Auslöser des Städtekrieges war ein Pakt zwischen dem Schwäbischen Städtebund und dem Salzburger Erzbistum von 1387, der die bayerischen Herzöge herausforderte. Herzog Friedrich von Bayern setzte daraufhin den Salzburger Erzbischof Pilgrim fest und forderte für seine Freilassung die Auflösung des Vertrags mit dem Schwäbischen Städtebund.

Am 8. Januar 1388 erklärte König Wenzel von Böhmen (1373-1419) den Reichskrieg gegen Bayern, den der Städtebund seinerseits schon am 15. Dezember 1387 in Ulm gegen Bayern beschlossen hatte. Die Initiative durch Pfalzgraf Rupprecht, den drohenden Krieg abzuwenden (Schiedsgericht in Neumarkt) endete am 15. März 1388 mit einem Vergleich, der in weiten Teilen den Forderungen der Städte entsprach. Die Interessen des Erzbistums Salzburg wurden zum Vergleich auf den 12. April 1388 in Heidelberg vertagt, da der Bischof dem Schiedsgericht ferngeblieben war. Die Streitigkeiten konnten in Neumarkt nicht endgültig geklärt werden. Die Städte waren den Bestimmungen des Vergleichs nachgekommen, seitens des bayrischen Adels kam es jedoch weiterhin zu Übergriffen auf die Städte.

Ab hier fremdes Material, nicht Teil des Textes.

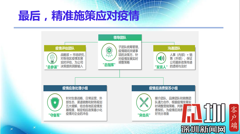 疫情期间,完善领导团队统筹管理,作为“总指挥”,即关键事项的决策方,能够针对疫情发展实时调整企业应对策略;构建疫情评估团队即“总参谋”,对各地区疫情发展实时评估,为公司决策提供洞察收入;完善“发言人”机制,建立沟通团队,确保公司最新措施能够及时、准确、透明传递给每一位员工;建立疫情应急处理小组作为“守备军”,针对公司生意战略、日常运营、外部生态、渠道销售和财务规划五大环节制定相应政策,最小化疫情对企业的冲击;成立疫情消费复苏小组,公司内媒介团队、品牌团队和销售团队通力合作,根据疫情发展实时调整营销策略,判断反弹消费契机,为疫情后消费回流做好充分准备。

Unter dieser negativen Vorgabe trafen sich die Verhandlungsparteien in Heidelberg, um weitere Klärungen herbeizuführen. Den Städtebund vetrat nun eine eigene Delegation, darunter Fraktionen von besonders stark geschädigten Städten - z.B. auch eine Abordnung aus Nürnberg. Die vorzeitige Abreise der Städtebundvertreter aus Heidelberg verhinderte auch diesmal einen endgültigen Rechtsspruch; die Städtebundvertreter forderten zuerst die Erfüllung des Neumarkter Vergleichs, Pfalzgraf Ruprecht hingegen einen neuen Rechtsspruch, dessen vorteilhafter Inhalt den Städtebundvertretern jedoch nicht bekannt war, und den sie in Folge ablehnten.

Brüskiert durch die Haltung der Städtebundvertreter traten viele Adlige und auch Rupprecht an der Seite der bayrischen Fürsten in den Krieg gegen die Städte ein. Damit drohte der Kriegsausbruch in Franken. Der Nürnberger Rat versuchte zwar den Konflikt auf diplomatischem Weg zu regeln, ordnete aber dennoch die Mobilmachung der Bevölkerung an und begann mit dem Anwerben von Söldnern.

Während der Kriegshandlungen im fränkischen Umland versuchte der Nürnberger Rat auf diplomatischem Wege eine friedliche Lösung zu finden. Es kam zu einigen erfolglosen Verhandlungen, bevor der am 5. Mai 1389 in Eger erreichte Landfrieden den Städtekrieg beendete. Der Friedenschluss war eine Niederlage für den Schwäbischen Städtebund, den Städten wurde der geforderte Schadenersatz verweigert. Hauptziel des Landfriedens war es, den Einfluss des Städtebundes auf die Entwicklung der Reichsordnung zu brechen.

Literatur


  • Adalbert Erler: Ingelheimer Prozesse nach dem Städtekrieg von 1388. Historischer Verein Ingelheim, Ingelheim 1981 (Beiträge zur Ingelheimer Geschichte, 32).
  • Alexander Schubert: Der Stadt Nutz oder Notdurft? Die Reichsstadt Nürnberg und der Städtekrieg von 1388/89. Matthiesen, Husum 2003, ISBN 3-7868-1476-7 (zugleich Diss., Bamberg 2001/2002, Rezension bei H-Soz-u-Kult).